Le parole del card. Martini:
Sui problemi culturali che la presenza dell'islam fa sorgere nel
nostro mondo occidentale è intervenuto anche il card. Carlo Maria
Martini nella festa di S. Ambrogio, patrono della città di Milano, il
6 dicembre 1990. Considerando con stima e attenzione i valori della
fede islamica, l'omelia, edita poi in un opuscolo intitolato Noi e
l'islam, ha inteso offrire anche precise indicazioni alle comunità
cristiane circa il dovere dell'accoglienza, non eludendo però i nodi
problematici che ostacolano un rapporto più fraterno con i musulmani.
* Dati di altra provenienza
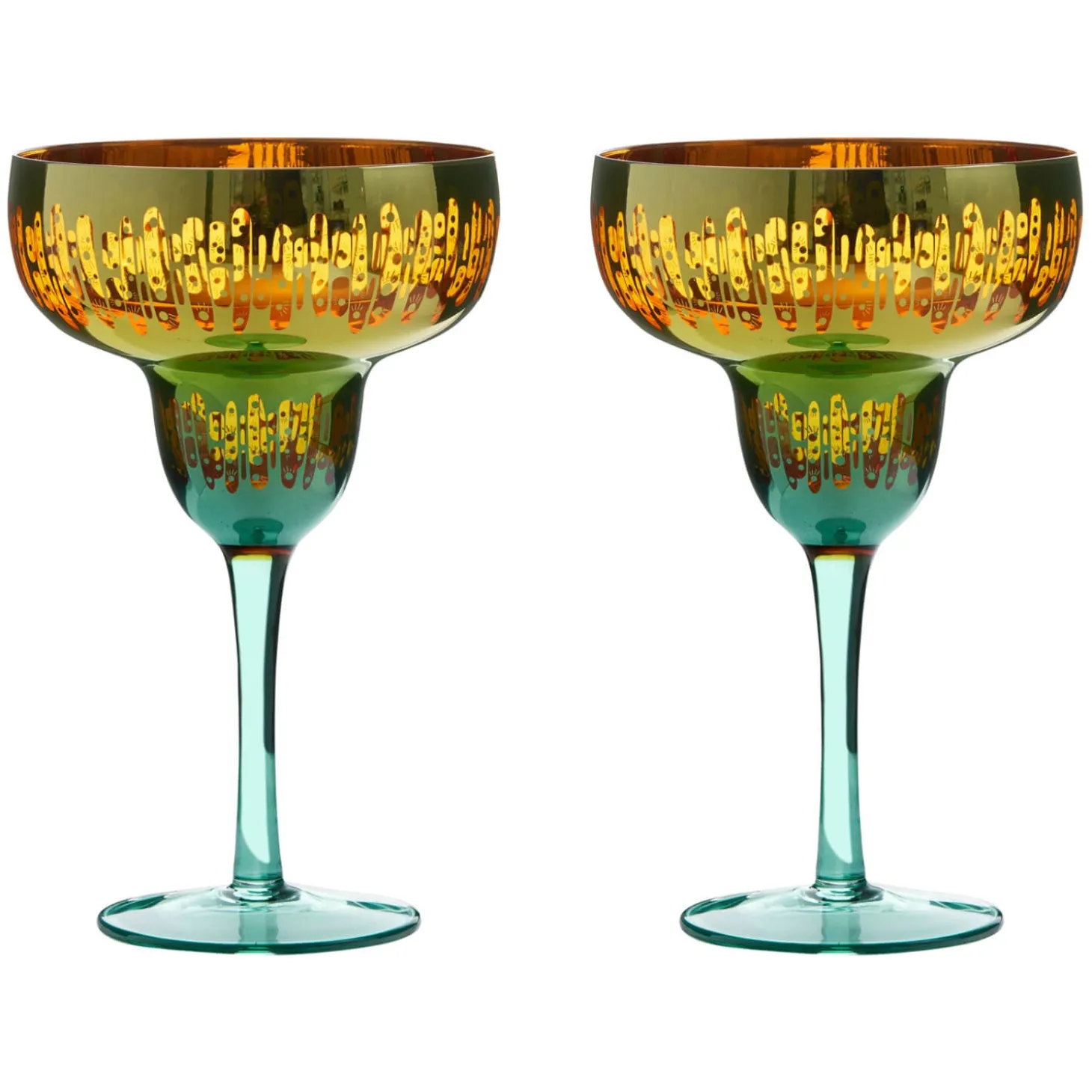 Create a beautiful atmosphere with this set of 2 stunning Margarita Glasses by Artland as part of their Fiesta range. With the unusual design of a mirrored finish in ambers and blues, both inside and outside with a design that encircles around the bowl of the glass You can’t help but impress your guests whilst entertaining with these glasses. Perfect as a gift or as a treat for yourself.

Il card. Martini ha richiamato la situazione delle comunità cristiane
nei paesi a maggioranza islamica, auspicando "rapporti di
uguaglianza e di fraternità, e per ciò insistiamo ed insisteremo
perché a tali rapporti si conformi anche il diritto e il costume
vigente nei paesi musulmani riguardo ai cristiani, perché si abbia una
giusta reciprocità.
Ha ricordato come la ricerca di un obiettivo comune di rispetto e di
mutua accettazione richieda il superamento del pregiudizio, fortemente
radicato nella mentalità islamica, secondo cui i non musulmani sarebbero
di fatto non credenti.
L'arcivescovo ha poi sottolineato la necessità di far comprendere alle
comunità musulmane che in Europa i rapporti tra stato e organizzazioni
religiose sono profondamente diversi rispetto al loro paese: "Se
le minoranze religiose hanno tra noi quelle libertà e diritti che
spettano a tutti i cittadini, senza eccezione, non si può invece fare
appello, ad esempio, ai principi della legge islamica per esigere
spazi e prerogative giuridiche specifiche".
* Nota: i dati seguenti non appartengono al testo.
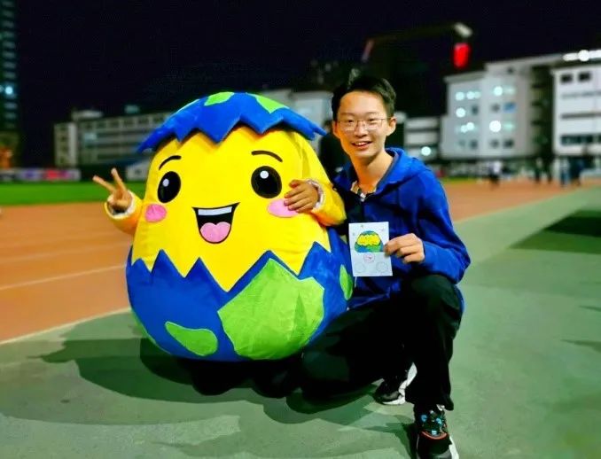 “夜奔”过后在五四操场上与吉祥物“地小空”的合影

Al di là dei problemi di natura sociale, il cardinale non ha mancato
di porre l'accento sulla religiosità dell'islam: "Si tratta di
una fede che avendo grandi valori religiosi e morali ha certamente
aiutato centinaia di milioni di uomini a rendere a Dio un culto onesto
e sincero e insieme a praticare la giustizia". Ed ha proseguito:
"In un mondo occidentale che perde il senso dei valori assoluti e
non riesce più in particolare ad agganciarli a un Dio Signore di
tutto, la testimonianza del primato di Dio su ogni cosa e della sua
esigenza di giustizia ci fa comprendere i valori storici che l'islam
ha portato con sé e che ancora può testimoniare nella nostra
società".
Sapranno i leader religiosi cogliere il fenomeno dei flussi migratori
quale fattore di comunione, e non di divisione, perché avvenga il
Regno di Dio, Unico e comune a tutti, sulla terra?